EXERCISE DETAILS: Read the records beneath this task and copy every line that contains the string "España".

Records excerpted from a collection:
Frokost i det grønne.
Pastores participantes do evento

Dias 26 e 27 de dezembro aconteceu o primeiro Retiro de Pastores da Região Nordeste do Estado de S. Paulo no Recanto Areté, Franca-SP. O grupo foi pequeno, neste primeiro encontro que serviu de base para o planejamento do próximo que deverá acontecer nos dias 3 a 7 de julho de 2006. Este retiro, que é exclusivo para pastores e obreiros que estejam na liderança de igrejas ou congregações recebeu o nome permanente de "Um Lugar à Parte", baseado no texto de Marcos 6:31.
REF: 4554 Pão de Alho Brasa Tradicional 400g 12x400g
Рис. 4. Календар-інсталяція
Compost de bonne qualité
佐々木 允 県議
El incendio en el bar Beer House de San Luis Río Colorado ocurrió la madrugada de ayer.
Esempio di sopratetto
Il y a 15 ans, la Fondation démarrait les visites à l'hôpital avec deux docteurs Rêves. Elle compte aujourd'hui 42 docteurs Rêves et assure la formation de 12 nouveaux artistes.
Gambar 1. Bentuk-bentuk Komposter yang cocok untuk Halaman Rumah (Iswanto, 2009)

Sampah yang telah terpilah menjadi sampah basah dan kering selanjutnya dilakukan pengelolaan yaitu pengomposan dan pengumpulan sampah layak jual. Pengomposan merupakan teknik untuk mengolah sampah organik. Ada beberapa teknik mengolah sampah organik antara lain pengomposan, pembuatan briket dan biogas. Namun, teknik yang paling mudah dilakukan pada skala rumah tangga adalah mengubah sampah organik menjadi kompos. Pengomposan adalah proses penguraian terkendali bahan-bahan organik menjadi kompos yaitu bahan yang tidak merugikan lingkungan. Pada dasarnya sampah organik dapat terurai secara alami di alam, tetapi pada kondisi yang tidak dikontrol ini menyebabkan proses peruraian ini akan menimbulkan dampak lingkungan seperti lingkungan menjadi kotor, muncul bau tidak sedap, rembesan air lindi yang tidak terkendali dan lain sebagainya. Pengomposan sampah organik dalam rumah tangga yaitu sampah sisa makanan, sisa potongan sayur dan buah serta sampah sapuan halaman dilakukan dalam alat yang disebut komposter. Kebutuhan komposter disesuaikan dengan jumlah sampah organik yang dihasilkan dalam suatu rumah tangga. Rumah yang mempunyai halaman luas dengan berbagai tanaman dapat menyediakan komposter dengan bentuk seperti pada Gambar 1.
---
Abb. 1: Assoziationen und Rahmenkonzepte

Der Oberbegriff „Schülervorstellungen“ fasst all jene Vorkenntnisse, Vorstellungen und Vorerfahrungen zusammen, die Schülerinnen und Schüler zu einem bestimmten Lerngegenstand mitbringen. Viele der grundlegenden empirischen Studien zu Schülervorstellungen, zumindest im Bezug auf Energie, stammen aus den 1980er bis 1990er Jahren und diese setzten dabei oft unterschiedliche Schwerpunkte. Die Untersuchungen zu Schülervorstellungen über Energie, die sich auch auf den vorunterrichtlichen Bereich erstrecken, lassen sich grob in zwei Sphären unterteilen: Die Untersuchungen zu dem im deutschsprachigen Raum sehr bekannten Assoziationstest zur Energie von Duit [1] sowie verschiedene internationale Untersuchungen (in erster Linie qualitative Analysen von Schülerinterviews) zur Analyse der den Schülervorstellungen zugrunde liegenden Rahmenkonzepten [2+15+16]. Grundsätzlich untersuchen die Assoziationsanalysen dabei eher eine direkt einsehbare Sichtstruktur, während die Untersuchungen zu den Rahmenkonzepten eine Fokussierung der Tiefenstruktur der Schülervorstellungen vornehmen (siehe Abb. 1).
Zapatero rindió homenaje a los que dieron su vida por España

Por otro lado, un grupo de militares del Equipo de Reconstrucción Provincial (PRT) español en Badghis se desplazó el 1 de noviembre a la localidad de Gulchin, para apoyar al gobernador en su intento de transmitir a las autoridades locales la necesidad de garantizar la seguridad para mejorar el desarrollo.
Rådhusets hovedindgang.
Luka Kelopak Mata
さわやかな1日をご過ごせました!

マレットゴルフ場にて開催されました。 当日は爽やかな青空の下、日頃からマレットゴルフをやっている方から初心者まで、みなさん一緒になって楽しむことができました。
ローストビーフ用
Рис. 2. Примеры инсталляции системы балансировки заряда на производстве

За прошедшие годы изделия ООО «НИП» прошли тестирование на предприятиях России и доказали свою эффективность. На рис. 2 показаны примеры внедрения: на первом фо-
--
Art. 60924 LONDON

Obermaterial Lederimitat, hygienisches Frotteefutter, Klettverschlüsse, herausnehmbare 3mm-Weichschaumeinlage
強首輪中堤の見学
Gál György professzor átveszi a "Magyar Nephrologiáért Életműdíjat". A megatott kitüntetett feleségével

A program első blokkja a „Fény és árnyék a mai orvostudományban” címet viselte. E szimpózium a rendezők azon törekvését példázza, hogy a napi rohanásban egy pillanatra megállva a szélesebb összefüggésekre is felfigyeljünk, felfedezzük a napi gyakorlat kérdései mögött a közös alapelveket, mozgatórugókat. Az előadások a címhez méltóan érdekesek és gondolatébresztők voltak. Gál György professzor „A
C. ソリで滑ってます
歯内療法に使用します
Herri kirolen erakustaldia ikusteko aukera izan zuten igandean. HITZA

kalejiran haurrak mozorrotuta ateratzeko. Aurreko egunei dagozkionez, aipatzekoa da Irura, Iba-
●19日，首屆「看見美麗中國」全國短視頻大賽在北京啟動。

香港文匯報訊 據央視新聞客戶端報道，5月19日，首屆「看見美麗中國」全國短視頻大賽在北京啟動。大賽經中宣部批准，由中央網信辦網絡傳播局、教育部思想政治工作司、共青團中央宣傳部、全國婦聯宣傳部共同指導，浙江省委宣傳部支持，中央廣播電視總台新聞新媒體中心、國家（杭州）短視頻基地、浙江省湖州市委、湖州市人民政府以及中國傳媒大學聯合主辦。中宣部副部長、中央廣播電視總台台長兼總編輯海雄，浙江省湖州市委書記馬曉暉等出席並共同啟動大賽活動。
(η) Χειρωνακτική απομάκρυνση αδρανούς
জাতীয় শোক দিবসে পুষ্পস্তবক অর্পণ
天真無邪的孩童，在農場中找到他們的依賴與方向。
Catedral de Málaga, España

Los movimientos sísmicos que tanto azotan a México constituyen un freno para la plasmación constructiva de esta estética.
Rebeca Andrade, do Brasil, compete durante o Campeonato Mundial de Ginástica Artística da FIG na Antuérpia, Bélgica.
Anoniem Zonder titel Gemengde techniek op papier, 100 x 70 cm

WRITTEN ANSWER:
Zapatero rindió homenaje a los que dieron su vida por España
Catedral de Málaga, España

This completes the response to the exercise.